Nous essayons de passer rue Courmont en disant aux Allemands que nous allons voir un parent rue de Trévise. Ils nous laissent passer. Tout le quartier est lamentable. On voit des gens, des enfants partout portant des paquets, quelques chaises, des matelas qu’ils ont sauvé dans leurs maisons détruites. On sort sur le trottoir des débris, des plâtras mis en tas. Des civières passent avec des blessés ou des morts.


Dépôt de munitions des 18 ponts


« La rue de Trévise » - Collection F. De Clercq

Rue de Trévise, les maisons n’ont plus ni portes ni fenêtres, les toitures sont soulevées, les plafonds effondrés, les façades trouées.

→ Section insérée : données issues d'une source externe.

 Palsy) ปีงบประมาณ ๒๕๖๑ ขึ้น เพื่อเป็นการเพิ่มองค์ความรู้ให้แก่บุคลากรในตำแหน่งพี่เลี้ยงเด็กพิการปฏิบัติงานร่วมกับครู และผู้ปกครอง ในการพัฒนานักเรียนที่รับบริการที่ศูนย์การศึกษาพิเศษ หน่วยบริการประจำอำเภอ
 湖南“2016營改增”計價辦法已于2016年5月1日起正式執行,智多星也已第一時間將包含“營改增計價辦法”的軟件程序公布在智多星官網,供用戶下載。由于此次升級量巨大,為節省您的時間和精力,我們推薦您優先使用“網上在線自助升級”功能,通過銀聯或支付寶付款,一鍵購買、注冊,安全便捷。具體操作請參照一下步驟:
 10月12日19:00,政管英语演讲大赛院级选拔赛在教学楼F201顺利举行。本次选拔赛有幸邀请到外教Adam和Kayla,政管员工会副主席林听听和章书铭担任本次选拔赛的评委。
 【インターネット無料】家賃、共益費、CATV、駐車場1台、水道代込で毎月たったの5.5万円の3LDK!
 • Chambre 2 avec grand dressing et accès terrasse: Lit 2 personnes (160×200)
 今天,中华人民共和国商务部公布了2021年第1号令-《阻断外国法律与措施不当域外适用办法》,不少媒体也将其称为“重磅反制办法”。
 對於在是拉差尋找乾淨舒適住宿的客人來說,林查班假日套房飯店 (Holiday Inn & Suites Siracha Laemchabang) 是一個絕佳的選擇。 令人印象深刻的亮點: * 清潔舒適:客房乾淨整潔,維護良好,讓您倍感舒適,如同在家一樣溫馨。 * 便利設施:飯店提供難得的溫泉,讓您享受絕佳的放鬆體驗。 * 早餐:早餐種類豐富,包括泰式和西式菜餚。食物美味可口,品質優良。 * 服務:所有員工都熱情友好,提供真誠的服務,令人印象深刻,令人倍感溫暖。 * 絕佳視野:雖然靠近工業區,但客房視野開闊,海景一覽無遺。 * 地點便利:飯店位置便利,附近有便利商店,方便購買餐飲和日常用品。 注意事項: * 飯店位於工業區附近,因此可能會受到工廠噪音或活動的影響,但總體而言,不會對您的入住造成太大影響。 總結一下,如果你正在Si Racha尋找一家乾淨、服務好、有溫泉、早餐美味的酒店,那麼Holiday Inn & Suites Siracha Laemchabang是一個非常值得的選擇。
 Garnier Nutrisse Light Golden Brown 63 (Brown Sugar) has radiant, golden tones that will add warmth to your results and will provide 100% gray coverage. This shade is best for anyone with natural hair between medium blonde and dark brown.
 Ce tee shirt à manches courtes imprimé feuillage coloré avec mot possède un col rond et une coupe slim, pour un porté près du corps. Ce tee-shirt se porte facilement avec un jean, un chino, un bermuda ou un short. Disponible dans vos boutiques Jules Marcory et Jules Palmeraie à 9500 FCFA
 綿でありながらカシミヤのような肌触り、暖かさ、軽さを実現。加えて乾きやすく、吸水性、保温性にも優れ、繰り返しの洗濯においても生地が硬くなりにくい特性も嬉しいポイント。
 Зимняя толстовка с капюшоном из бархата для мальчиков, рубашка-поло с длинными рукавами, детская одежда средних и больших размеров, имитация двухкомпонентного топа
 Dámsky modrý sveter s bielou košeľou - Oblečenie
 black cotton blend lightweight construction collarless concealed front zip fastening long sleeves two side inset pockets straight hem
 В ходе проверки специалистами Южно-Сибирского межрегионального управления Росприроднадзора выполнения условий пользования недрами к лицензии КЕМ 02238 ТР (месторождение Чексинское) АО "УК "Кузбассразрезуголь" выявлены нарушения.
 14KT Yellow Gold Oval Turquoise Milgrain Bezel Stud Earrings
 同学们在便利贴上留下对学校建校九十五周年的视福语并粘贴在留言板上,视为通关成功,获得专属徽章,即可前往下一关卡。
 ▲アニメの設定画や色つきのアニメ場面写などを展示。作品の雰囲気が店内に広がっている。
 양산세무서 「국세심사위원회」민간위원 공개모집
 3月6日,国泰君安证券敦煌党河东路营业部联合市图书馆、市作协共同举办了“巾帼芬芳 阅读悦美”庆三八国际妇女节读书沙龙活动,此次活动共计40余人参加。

Devant les usines Wallaert et Le Blan un tapis de verre. Arrivés rue de Douai, on ne peut continuer. On aperçoit des maisons totalement détruites, ce ne sont plus que des tas de démolitions. C’est là que sont les victimes. On dit qu’il y en a 400 à 500. On ne sait encore rien de précis. Les morts sont tous mis ensemble dans une école du quartier pour que la famille puisse les reconnaître mais beaucoup sont défigurés.

On dit en ville que ce n’est peut-être pas un obus anglais qui a fait cela mais que c’est dû à une mauvaise qualité de la poudre fabriquée par les Allemands [note] ?

Le canon gronde très fort et sans arrêt.

Le roi de Bavière est arrivé cet après-midi. Il ne loge pas chez Scrive. Il va peut être à Roubaix où l’on préparait l’hôtel Teruynck, parc Barbieux.